In the past, many people fasted on Erev Rosh Ha-shana, to accept suffering for their sins, for when a sinner accepts suffering as part of repentance, he is granted atonement and exempted from more severe punishments warranted by his sins. The same applies to public fast days; they atone for sins and exempt the community from further punishment. The Sages offer a parable:
To what can this be compared? To a city that owed a large amount of tax to the king. The king sent agents to collect it, but they were unsuccessful. The city could not pay because the debt was so large. What did the king do? He told his servants and soldiers, “Let’s go there!” By the time the king and his entourage had traveled ten parasangs, the residents heard of his journey, and were frightened. What did they do? Their leaders went out to greet the king. He asked them, “Who are you?” They replied, “We are residents of such and such a city, the one to which you sent tax collectors.” He asked them, “What do you want?” They replied, “Please do us a kindness, as we have nothing to give.” He said to them, “For you, I will reduce the amount by a third.” When the king got closer to the city, ordinary residents went to greet him. He asked, “Who are you?” They responded, “We are people from such and such a city, to which you sent tax collectors, but we cannot pay. We ask that you take pity on us.” The king reduced the payment by another third. He got even closer, and all the residents came out to greet him, young and old. He asked them, “What do you want?” They responded, “Our master and king, we are not able to pay what we owe.” He forgave the final third.

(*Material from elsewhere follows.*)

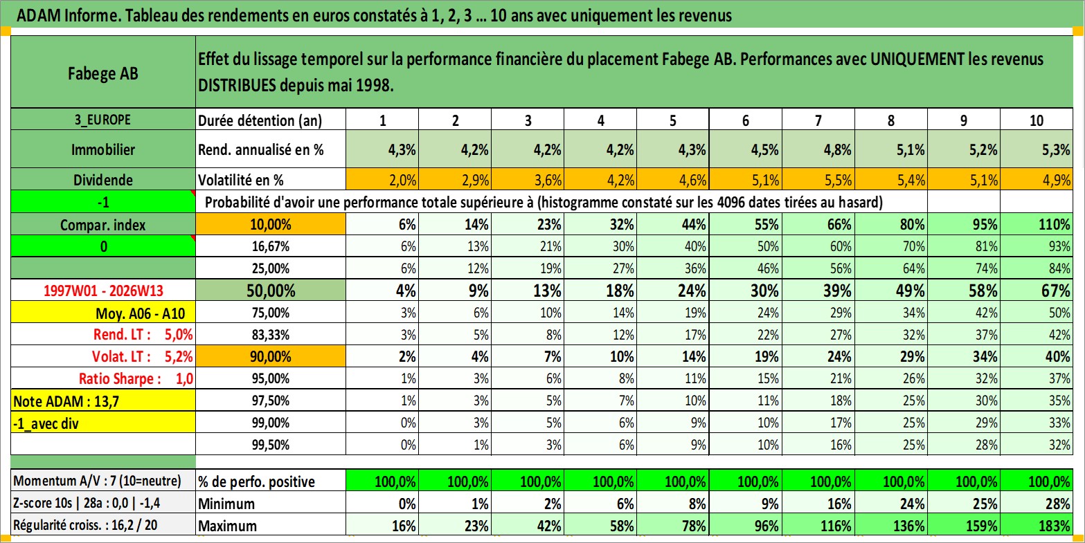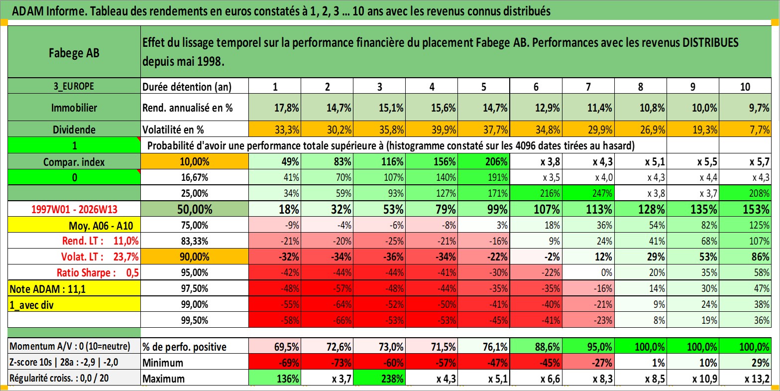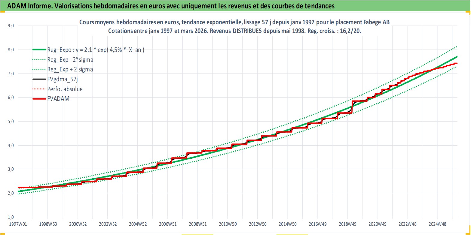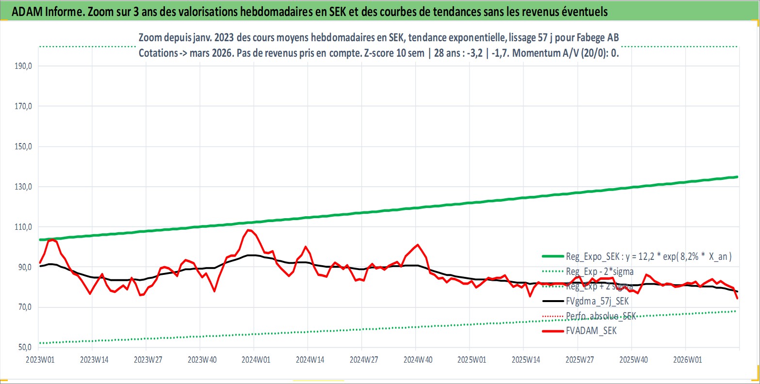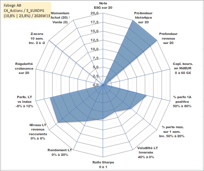 Site dédié aux investisseursPage dédiée sur site financeAnalyse des valorisations hebdomadaires de l'action Fabege AB. Cet actif est cote en SEK. Les valorisations sont en contrevaleur EURO et couvrent les semaines 1997W01 a 2026W13. Les revenus de cet actif financier sont pris en compte depuis la semaine 1998W19. La note ESG de cet actif n'est pas connue.

The king in this parable refers to the King of kings, the Holy One, blessed be He. The people of the city are the Jews, who accumulate sins all year long. What does God do? He tells them, “Repent, starting on Rosh Ha-shana.” What do they do? On Erev Rosh Ha-shana the leaders of the generation fast, and God forgives a third of the sins. From Rosh Ha-shana until Yom Kippur, individuals fast, and God forgives another third of the sins. On Yom Kippur, all Jews fast and beg for mercy – men, women, and children – and God forgives them completely. Thus we read (Vayikra 16:30), “For on this day, atonement shall be made for you to purify you of all your sins; you shall purify yourselves before the Lord.” (Tanḥuma Emor §22)
Since the Sages said that fasting before Rosh Ha-shana is very effective, most Jews in the medieval era fasted on that day (see the next section). So states Shulḥan Arukh: “It is the custom to fast on Erev Rosh Ha-shana” (581:2). Since the fast is not mandatory (as are the fasts which commemorate the destruction of the Temple), many fasted only half the day or until plag ha-minḥa (1.25 seasonal hours before sunset). They did not fast the whole day so as not to start the holiday in a state of deprivation (Rema ad loc.; MB 562:10).
Some people fasted for ten days, as Rema writes (ad loc.): “Those who are meticulously observant customarily fast for ten days, and it is proper to do so.” They would fast for six of the Ten Days of Repentance (as it is forbidden to fast on the two days of Rosh Ha-shana, Shabbat, and Erev Yom Kippur), as well as four days prior to Rosh Ha-shana.
In recent times, far fewer people follow customs that involve fasting; even on Erev Rosh Ha-shana, most do not fast. Some suggest that people are weaker and softer than they used to be, so it is not fair to demand that they deprive themselves as an expression of piety (Ḥayei Adam 138:1). The great Hasidic masters maintained that the primary mode of worship in our generations should be joyful, so customs that detract from joy should be avoided. If someone would like to maintain the custom of fasting on Erev Rosh Ha-shana, but he finds it difficult, he should give charity instead. The amount should be either what he would be willing to pay to avoid needing to fast, or minimally, what he would spend for food on an ordinary day.